◆ Task to carry out: Leave every image out, and print the remaining lines below exactly.

◆ Information shown:
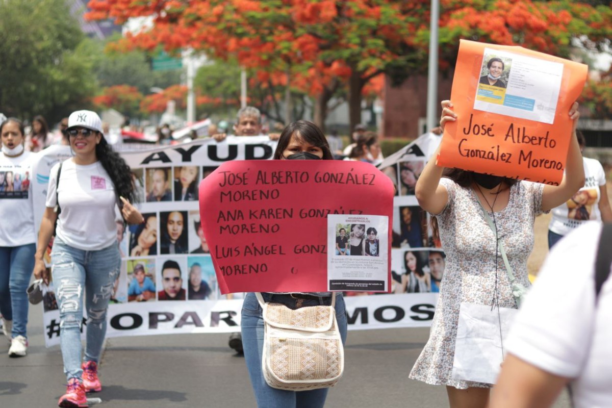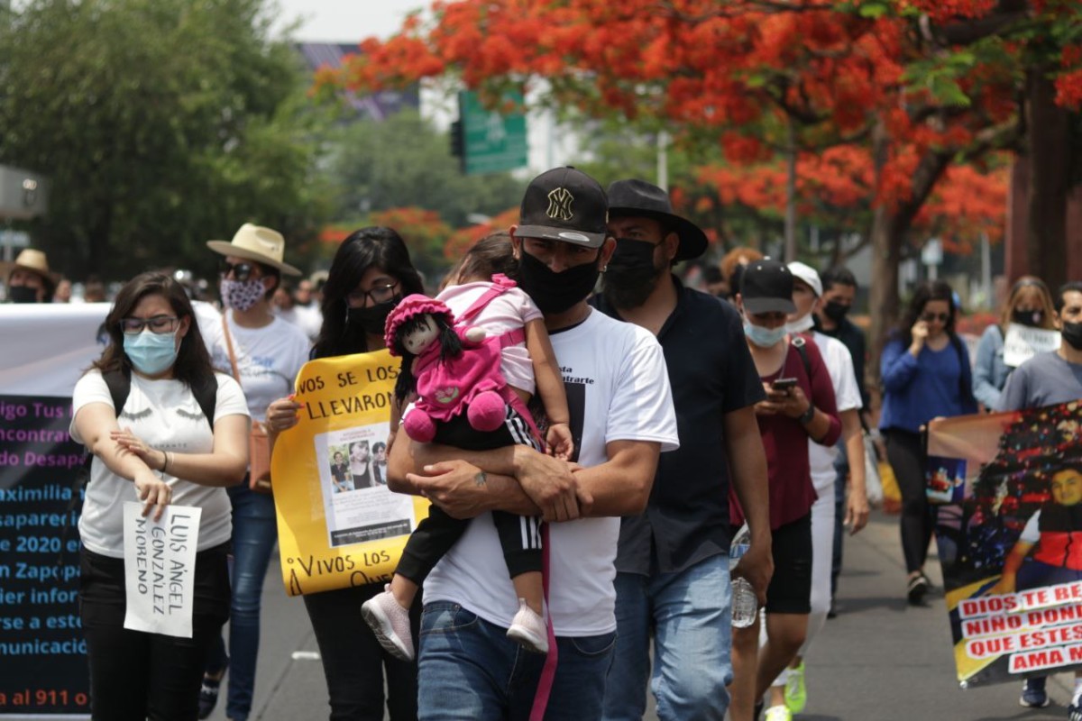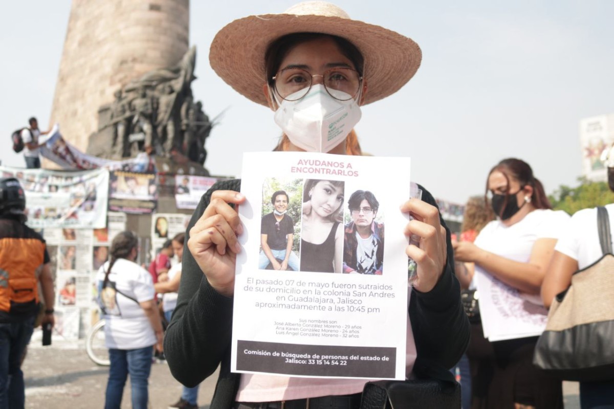 En la movilización, estuvieron presentes los familiares y amistades de los hermanos Ana Karen, José Alberto y Luis Ángel González Moreno, quienes fueron sacados de su domicilio en la colonia San Andrés, Guadalajara de manera forzada, por ocho hombres armados la noche del 7 de mayo del 2021 y después desaparecidos a bordo de una camioneta “tipo pick up” blanca.
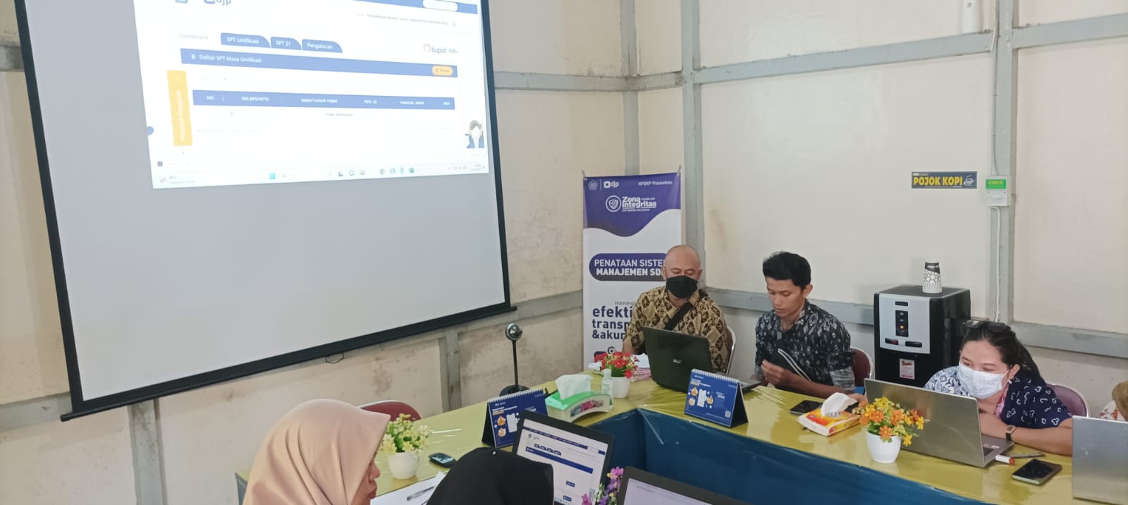 Kantor Pelayanan, Penyuluhan dan Konsultasi Perpajakan (KP2KP) Putussibau mengadakan sosialisasi perpajakan e-Bupot dan Surat Pemberitahuan (SPT) unifikasi instansi pemerintah dalam hal ini diwakili oleh Bendahara Kecamatan Boyan Tanjung yang bertempat di Ruang Kelas Pajak KP2KP Putussibau, Kabupaten Kapuas Hulu, Kalimantan Barat (Jumat, 14/04).
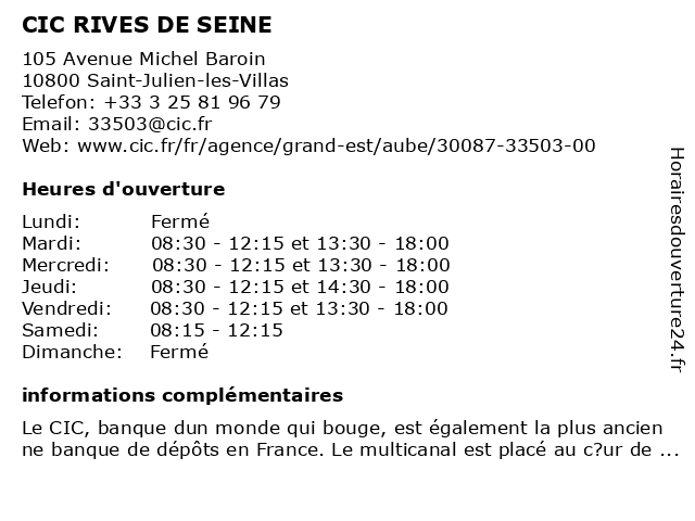 | Mercredi | 08:30-12:15 et 13:30-18:00 |
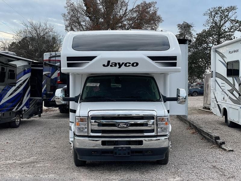 With any Greyhawk Class C gas motorhome by Jayco you will experience smooth sailing thanks to the JRIDE PLUS that comes with Koni shock absorbers, a computer-balanced driveshaft, Hellwig helper springs, and more. The Ford E-450 chassis with a 7.3L V8 325 HP engine will power your excursions, and you'll appreciate the added safety features for your peace of mind. Each model features a Sony infotainment center with Apple CarPlay and Android Auto, backup and side-view cameras, and a tire pressure monitor system the driver is sure to appreciate. Durable construction begins with Stronghold VBL roof, floor and sidewalls, bead-foam insulation, and a one-piece seamless fiberglass front cap. Head inside to find blackout night roller shades, LED-lit pressed countertops, an 84" interior ceiling height, and hardwood cabinet doors and drawers.

◆ Exercise solution:
 En la movilización, estuvieron presentes los familiares y amistades de los hermanos Ana Karen, José Alberto y Luis Ángel González Moreno, quienes fueron sacados de su domicilio en la colonia San Andrés, Guadalajara de manera forzada, por ocho hombres armados la noche del 7 de mayo del 2021 y después desaparecidos a bordo de una camioneta “tipo pick up” blanca.
 Kantor Pelayanan, Penyuluhan dan Konsultasi Perpajakan (KP2KP) Putussibau mengadakan sosialisasi perpajakan e-Bupot dan Surat Pemberitahuan (SPT) unifikasi instansi pemerintah dalam hal ini diwakili oleh Bendahara Kecamatan Boyan Tanjung yang bertempat di Ruang Kelas Pajak KP2KP Putussibau, Kabupaten Kapuas Hulu, Kalimantan Barat (Jumat, 14/04).
 | Mercredi | 08:30-12:15 et 13:30-18:00 |
 With any Greyhawk Class C gas motorhome by Jayco you will experience smooth sailing thanks to the JRIDE PLUS that comes with Koni shock absorbers, a computer-balanced driveshaft, Hellwig helper springs, and more. The Ford E-450 chassis with a 7.3L V8 325 HP engine will power your excursions, and you'll appreciate the added safety features for your peace of mind. Each model features a Sony infotainment center with Apple CarPlay and Android Auto, backup and side-view cameras, and a tire pressure monitor system the driver is sure to appreciate. Durable construction begins with Stronghold VBL roof, floor and sidewalls, bead-foam insulation, and a one-piece seamless fiberglass front cap. Head inside to find blackout night roller shades, LED-lit pressed countertops, an 84" interior ceiling height, and hardwood cabinet doors and drawers.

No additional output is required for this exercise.